If McCain were really a tough guy, he'd promise to wait until he's President (never!) to meet with the Dalai Lama and really piss off the Chinese.
(Is there any doubt at all that the McCain campaign piled up a ton of press releases about mostly inconsequential things to compete with Obama's trip? And, of course, McCNN printed every damn one of them. Hey, an easy day at work!)
Update: Joe Klein, true to form, is oblivious to the obvious fact that Tucker Bounds is playing him.
Friday: Personal Income & Outlays
8 hours ago
4 comments:
Senator Obama,
Remember me? I'm the American voter who initially considered voting for you after eight long years of the Bush administration. However, you're recent decision to campaign everywhere EXCEPT the United States has demonstrated that the election is more about your ego than what matters--issues. Americans, while concerned about rebuilding with other nations and terrorism, want and need a leader who understands (and has a plan) for addressing domestic issues--education, economic and more.
My advice--catch the first plane back to the U.S. and start trying to win the heart AND minds of the "American" people. Just then, you might have a chance of not blowing the election.

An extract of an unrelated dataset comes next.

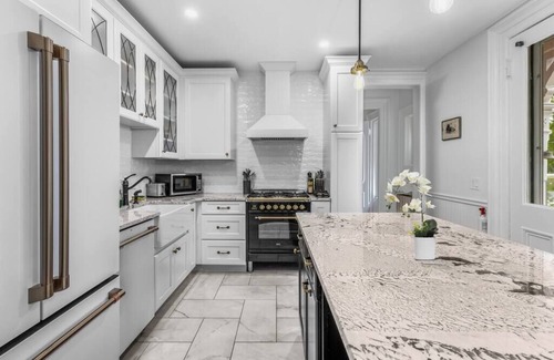 Prepare to be treated and pampered in the updated kitchen of Strawberry Castle, where custom appliances and finishings create a culinary sanctuary perfect for the colder seasons. From the sleek custom appliances to the gleaming countertops, every luxurious detail has been carefully curated for your utmost culinary pleasure amid the cozy atmosphere of autumn and winter. In this modern kitchen, you'll feel truly spoiled, ensuring that every winter meal becomes a heartwarming and memorable experience to savor and cherish.

Hey, Anonymous, what a colossal load of RNC-sponsored crap! Where was your concern when McCain was campaigning Canada and Latin American after he sewed up the Republican nomination? Huh? When McCain was hectoring Obama about visiting Iraq, were you up on your soapbox, saying, no, no, no, stay home? Yeah, sure.

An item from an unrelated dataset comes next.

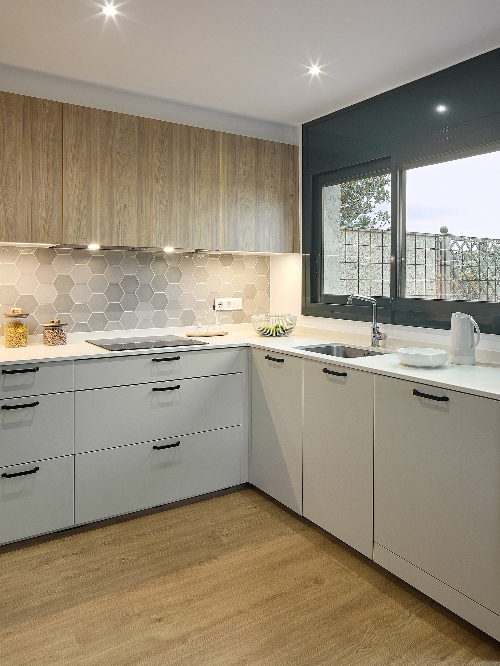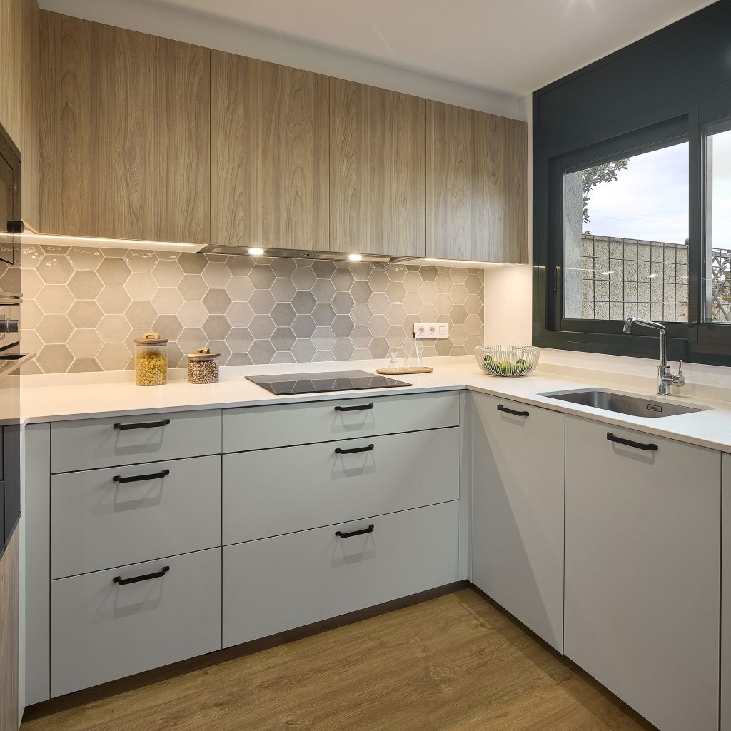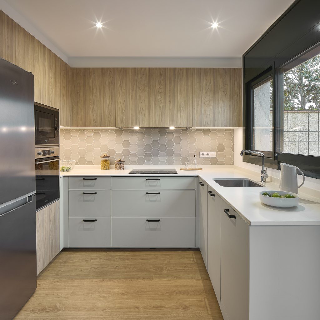This kitchen stands out for its contemporary and functional design, combining the warmth of natural materials with the modernity of neutral tones and minimalist finishes. The chosen colors and textures, together with an ergonomic layout, create a balanced, cozy and practical space for everyday life.

Some of you will repeat anything that Rush or Hannity says. After all this time and all the bullshit you've regurgitated, you might try learning your lesson and ignoring their propaganda.
-LL
McCain is an old geezer who is to lazy to do anything but attack Obama and raise his own campaign money. If you want another four years of republican garbage we just went through keep standing up for the idiot(McCain)and maybe we can dig ourselves a bigger hole than we are already in!!!
Gary Bonner
Why Obama will not win the presidency:
What a perplexing position citizens of these United States find ourselves. We have reached a cross-road as a nation. These are perilous times at home and abroad. Economic uncertainties abound and our fast eroding moral standing in the world threatens to place at risk our role as the world's most powerful influencer. Before us stand two starkly different choices whom, depending on our choice, may lead us into another "American Century" or may lead us further down the road to a permanent erosion of power and influence.
Essentially we are asked to vote for either of two approaches to moving forward. One approach seeks to harness American power and influence in order to rule the world; the other approach realizes that rather than American power, it is American principles and core values which must be harnessed that we might lead (not rule) the world.

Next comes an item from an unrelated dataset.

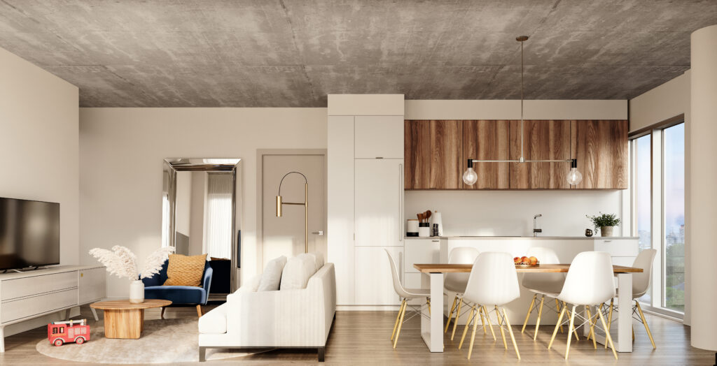 The project includes many features to support livability for residents, including thoughtful indoor and outdoor amenity spaces that encourage interaction (including stroller parking on each floor, music practice rooms and a fitness centre with visual connection to a children’s play room), and amenity for the local community via a mid-block walkway connecting the surrounding neighbourhood to the local school next door. Layouts support multi-generational living with larger suites suitable for families with children and innovative in-law suites with self contained living spaces that can be connected to the main unit. At grade retail spaces maintain the thriving main-street retail of The Queensway.

We all know in our hearts that the right and just perspective to adopt is to "...harness American principles...that we might lead the world." For this is and has been the decidedly American root of our world perspective as a nation. This is our American way...our ethic. But there is one problem that causes us great consternation. The leader who most effectively espouses (and seems to most passionately believe in) the "decidedly American root of our world perspective..." is born the son of a minority group - the fruit of a relationship that in years past (and perhaps even now, if we be truthful with ourselves) was taboo.
The white guy, we know in our hearts is dangerous and wrong on almost every substantive issue affecting our welfare at home and abroad; yet we struggle to bring ourselves to truly embrace the other guy who espouses the most American of American ideals with enough eloquence and passion to ignite and capture the imagination of an entire next generation of Americans.
And so we vacillate and try to find ways to justify our guttural instinct to choose the guy who represents the past, though we yearn to step into the promise of the future. We whisper within the shadows of our body politic about "...is he Muslim...his middle name is Hussein...he's part Black...etc." We know within our hearts that Senator Barack Obama is the product of a conflagration of conspiring American ideals: freedom, justice, equality, meritocracy, our American melting pot. He is, as much as anything, one of our own.
My fear is that when we as a nation are on the other side of this decision...when we, in the end, vote our fears and forsake our promise; when we hold our heads down in shame as we watch John McCain's inauguration on our TVs; I fear that the Great Scribe of History will be left with no choice but to pen within our national epitaph, "...He came unto his own; and his own received him not."